Does Plato have something potentially wise going on here, or is he just out in left field?


message 36: by Thomas (new)

Thomas | 5031 comments Everyman wrote: "

Only when one is fifty, has had a lengthy term of study of mathematics and another lengthy term of public service, is the mind ready to learn the process of discussing matters of philosophy and the good. The young cannot handle this power, and will distort and abuse it."



Is this what Socrates means when he tells Glaucon that he won't be able to follow the path to dialectic? (533a)

Socrates is delivering this argument to a group of relatively young people.
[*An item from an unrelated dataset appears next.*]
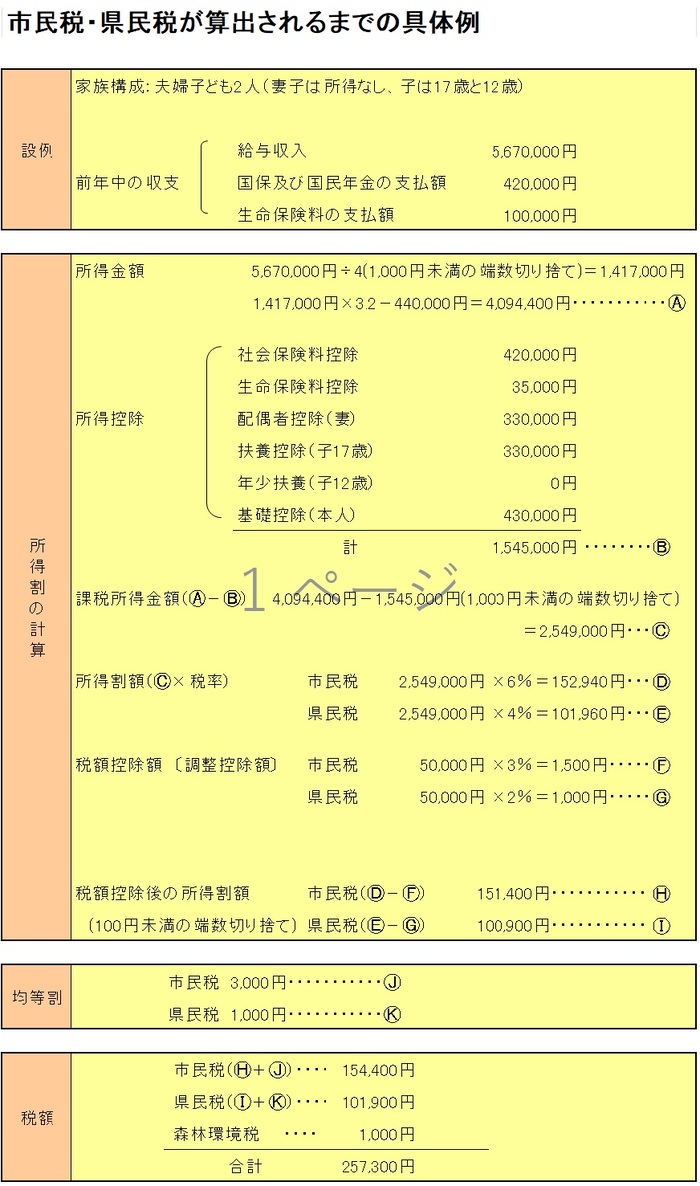 市民税・県民税が算出されるまでの具体例

If they are taking him seriously, they might bristle at the suggestion that the young are incapable of making the ascent to dialectic. But it looks like Glaucon wants to make that ascent. The education of the young (military strategy, arithmetic, geometry, and astronomy) is merely the "prelude to the song," and Glaucon wants to hear the song itself, dialectic. I wonder if Socrates isn't playing with Glaucon a bit here by telling him, "Sorry kid, you're not ready yet."
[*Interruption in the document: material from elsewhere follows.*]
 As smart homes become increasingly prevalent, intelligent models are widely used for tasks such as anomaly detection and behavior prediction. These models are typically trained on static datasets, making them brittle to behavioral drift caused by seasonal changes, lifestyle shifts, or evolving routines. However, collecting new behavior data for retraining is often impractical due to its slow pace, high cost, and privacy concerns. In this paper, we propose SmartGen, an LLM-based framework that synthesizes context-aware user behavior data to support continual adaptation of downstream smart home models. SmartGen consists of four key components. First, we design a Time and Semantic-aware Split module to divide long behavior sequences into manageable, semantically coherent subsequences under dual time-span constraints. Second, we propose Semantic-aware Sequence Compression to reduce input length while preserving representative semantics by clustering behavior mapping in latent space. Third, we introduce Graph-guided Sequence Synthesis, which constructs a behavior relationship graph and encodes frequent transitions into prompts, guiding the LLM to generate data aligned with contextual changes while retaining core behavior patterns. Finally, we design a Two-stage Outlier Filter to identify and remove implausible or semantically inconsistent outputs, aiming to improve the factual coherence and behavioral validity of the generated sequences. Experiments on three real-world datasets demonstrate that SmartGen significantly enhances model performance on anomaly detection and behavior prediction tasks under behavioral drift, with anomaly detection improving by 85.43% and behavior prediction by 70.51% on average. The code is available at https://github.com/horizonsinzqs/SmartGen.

I'm starting to wonder if some of the more outlandish aspects of the city aren't designed more for dramatic effect than to demonstrate philosophical truth. As much as Socrates denigrates poetry and drama, he uses it to great effect. (Though perhaps that credit should go to Plato and not Socrates.)


message 37: by Lily (new)

Lily (joy1) | 5241 comments Thomas wrote: "As much as Socrates denigrates poetry and drama, he uses it to great effect. (Though perhaps that credit should go to Plato and not Socrates.)..."
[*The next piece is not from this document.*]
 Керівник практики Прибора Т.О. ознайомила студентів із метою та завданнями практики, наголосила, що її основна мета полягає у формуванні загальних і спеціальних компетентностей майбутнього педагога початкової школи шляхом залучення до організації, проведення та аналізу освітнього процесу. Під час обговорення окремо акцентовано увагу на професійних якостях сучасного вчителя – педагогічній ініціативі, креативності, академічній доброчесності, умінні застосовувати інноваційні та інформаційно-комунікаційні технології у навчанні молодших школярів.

Whether Tolstoy or Plato, is it the ironies and the inconsistencies in their writing partly what ultimately make them palatable? (I'm simply musing, after listening to Tolstoy's The Death of Ivan Ilych this morning -- I have just read it as well.)


message 38: by Everyman (new)

Everyman | 7718 comments Thomas wrote: "I'm starting to wonder if some of the more outlandish aspects of the city aren't designed more for dramatic effect than to demonstrate philosophical truth. As much as Socrates denigrates poetry and drama, he uses it to great effect."

Personally, I've been there for awhile. In fact, I'm starting to think that he is intentionally using a reductio ad absurdum argument to show how bad a government based purely on political theory would be. But I should wait for Book 8 or later to make this full argument, since Book 8 is really where it comes to the fore for me.


message 39: by Everyman (new)

Everyman | 7718 comments Thomas wrote: "Socrates is delivering this argument to a group of relatively young people. If they are taking him seriously, they might bristle at the suggestion that the young are incapable of making the ascent to dialectic. But it looks like Glaucon wants to make that ascent. The education of the young (military strategy, arithmetic, geometry, and astronomy) is merely the "prelude to the song," and Glaucon wants to hear the song itself, dialectic. I wonder if Socrates isn't playing with Glaucon a bit here by telling him, "Sorry kid, you're not ready yet." "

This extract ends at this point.